Fitch Affirms Indianapolis Local Public Improvement Bond Bank, IN Rfdg Bnds at 'AA-'
OREANDA-NEWS. Fitch Ratings has affirmed the 'AA-'rating on the following bonds:
--$11.4 million Public Improvement Bond Bank refunding bonds, series 2014C.
The Rating Outlook is Stable.
The bonds are limited obligations of the bond bank which, under Indiana law, is empowered to buy and sell securities of 'qualified entities' such as the city of Indianapolis (the city), Marion County, all special taxing districts in the city, and all entities with tax levies reviewed by the city-county council. The bond bank itself has no taxing power.
The bonds are payable from tax increment (TIF) revenues generated within two separate allocation areas, previously established in the city's Fall Creek/Citizens Consolidated Redevelopment Area, which is located within the redevelopment district. The bonds are additionally supported by a cash-funded debt service reserve fund (DSRF) funded to maximum annual debt service (MADS) and a city moral obligation pledge to replenish draws on the DSRF.
KEY RATING DRIVERS
CITY MORAL OBLIGATION PLEDGE: The city's moral obligation elevates the TIF rating due to the city's strong financial profile and regular use of moral obligations as part of its capital program. Fitch rates the city's general obligations (GO) bonds 'AAA' with a Stable Outlook.
SOUND COVERAGE; WEAK ABT: Debt service coverage (DSC) from TIF revenues is sound. Fitch believes that legislative limitations on taxable assessed value (TAV) and tax rate growth minimize the likelihood of significant increases in DSC. The additional bonds test (ABT) is weak at 1.25x.
WEAK PLEDGED REVENUES: TIF revenues are derived from a small, residential area of the city with a relatively weak economic profile.
CHANGE IN THE CITY'S GO RATING: Deterioration in the credit quality of the city could negatively affect the value of the moral obligation pledge.
MAINTENANCE OF ADEQUATE DSC: Fitch expects the TIF district to limit leverage, keeping DSC around the currently sound level to offset concerns about the small project area, as well as potential reductions to TAV. Fitch believes these factors limit the rating to its current level.
SMALL RESIDENTIAL AREA
The 160-acre redevelopment area is comprised of approximately 1,000 primarily residential parcels, located near the northeast side of downtown. The allocation areas had four phases of development. Phases 1, 2 and 3 are fully built out.
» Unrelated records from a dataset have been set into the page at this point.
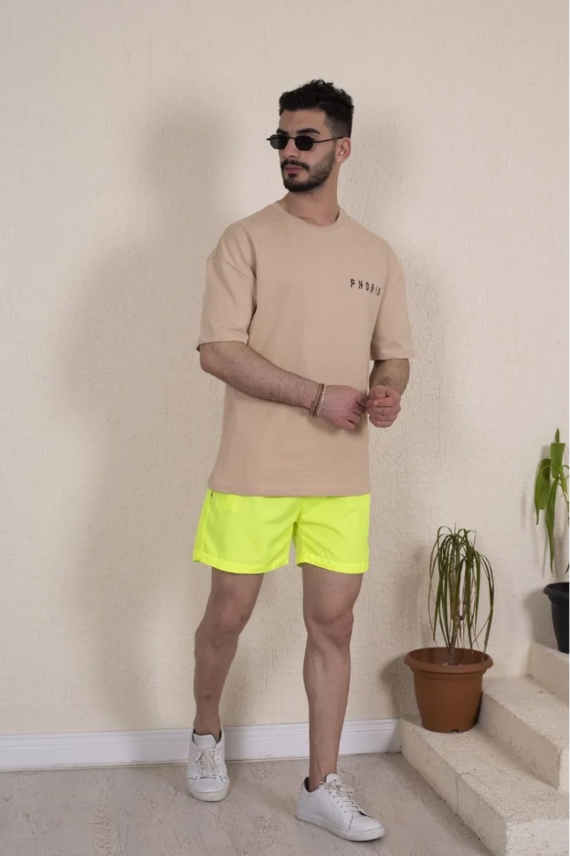 Erkek Deniz Şortu Fermuarlı Cepli File Astarlı - Neon Yeşili
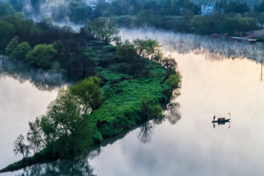 袖珍的小岛,翠绿的湖水,静谧流淌
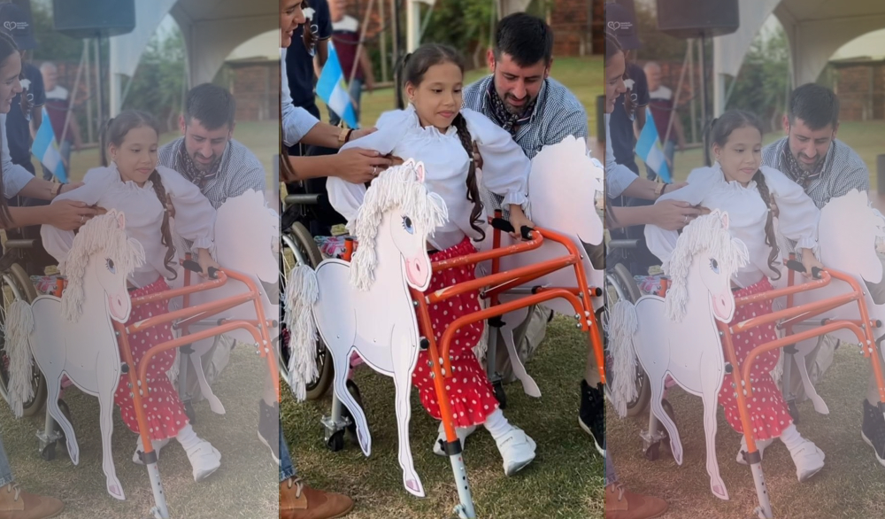 Allarague es una de las profesionales que acompaña día a día las sesiones de Luana, y recordó que todo comenzó en ese momento compartido con el equipo: “Descubrimos que Luana tenía un sueño, que era transformar su andador en un caballo, porque le encantan los caballos blancos”, contó.
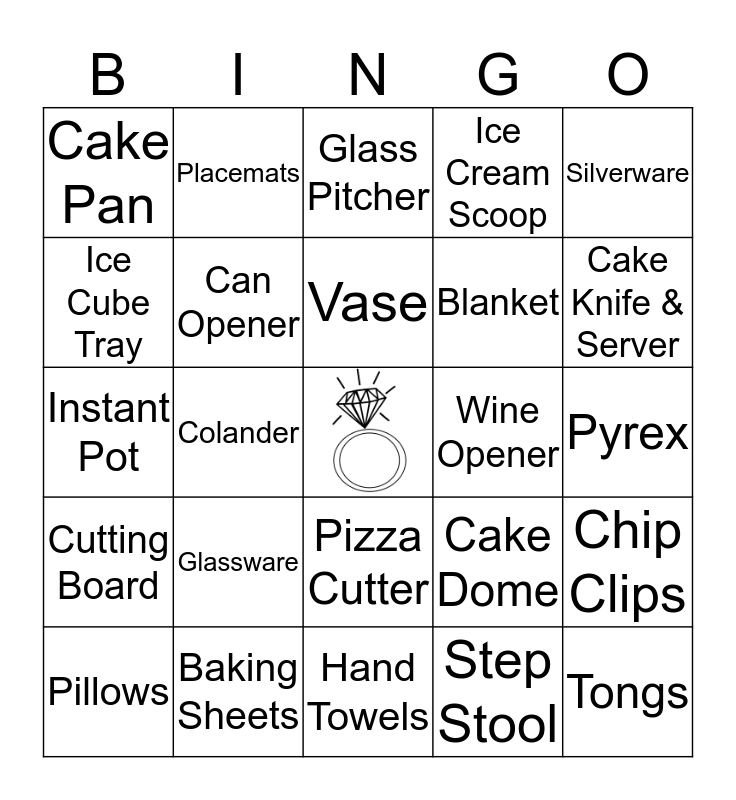 This bingo card has a free space and 24 words: Glassware, Baking Sheets, Vase, Pillows, Silverware, Cake Pan, Ice Cube Tray, Placemats, Wine Opener, Pizza Cutter, Blanket, Instant Pot, Cake Dome, Chip Clips, Can Opener, Step Stool, Pyrex, Glass Pitcher, Cake Knife & Server, Colander, Tongs, Cutting Board, Ice Cream Scoop and Hand Towels.

Phase 4, which was implemented during the recession, still has some vacancy.
TAV increased by 3.2% to $91.7 million in 2015 from $88.5 million in 2014. This follows a 2013 reassessment which resulted in a 20% increase in TAV. There are currently no tax abatements in the TIF district.
As a largely residential project area, taxpayers are diverse, with the 10 largest property taxpayers representing approximately 4.7% of TAV. The redevelopment area includes two allocation areas: Fall Creek/Citizens Consolidated Housing Tax Increment Financing Allocation Area (80% of TAV), and Fall Creek/Citizens Consolidated East Housing Tax Increment Financing Allocation Area, established March 1, 1990 and March 1, 2005, respectively.
ADEQUATE DEBT SERVICE COVERAGE
Assuming 2015 estimated TIF revenues and no change in TAV through bond maturity (2028), projected DSC on the 2014C bonds is sound at 2.1x MADS. Debt service is relatively level, so projected coverage on an annual basis is comparable to MADs.
There are no plans to issue additional parity debt. The weak ABT requires independent certification that the estimated TIF revenue covers the MADS requirements on any outstanding bonds, plus any proposed additional bonds by at least 1.25x.
CITY'S MORAL OBLIGATION PLEDGE ELEVATES THE RATING
The city's strong credit quality and high financial flexibility coupled with its ordinance to consider the appropriation, if necessary, supports the bonds' 'AA-' rating. In the event TIF revenues prove to be insufficient, resulting in a draw on the DSRF, the chairman of the bond bank will certify the deficiency to the city-county council of the city and Marion County by December 1 of each year. The city-county council may, at its discretion, appropriate sufficient funds to restore the DSRF to the required level under the indenture. Fitch believes that the December 1st deadline ensures sufficient time to replenish the debt service reserve prior to the February 1 payment date.
Fitch considers the city's regular use of the moral obligation as a motivation to honor it in order to preserve its reputation in the capital markets. However, Fitch also recognizes that this project covers a limited geographic area with a small population as compared with other projects financed by the city using its moral obligation.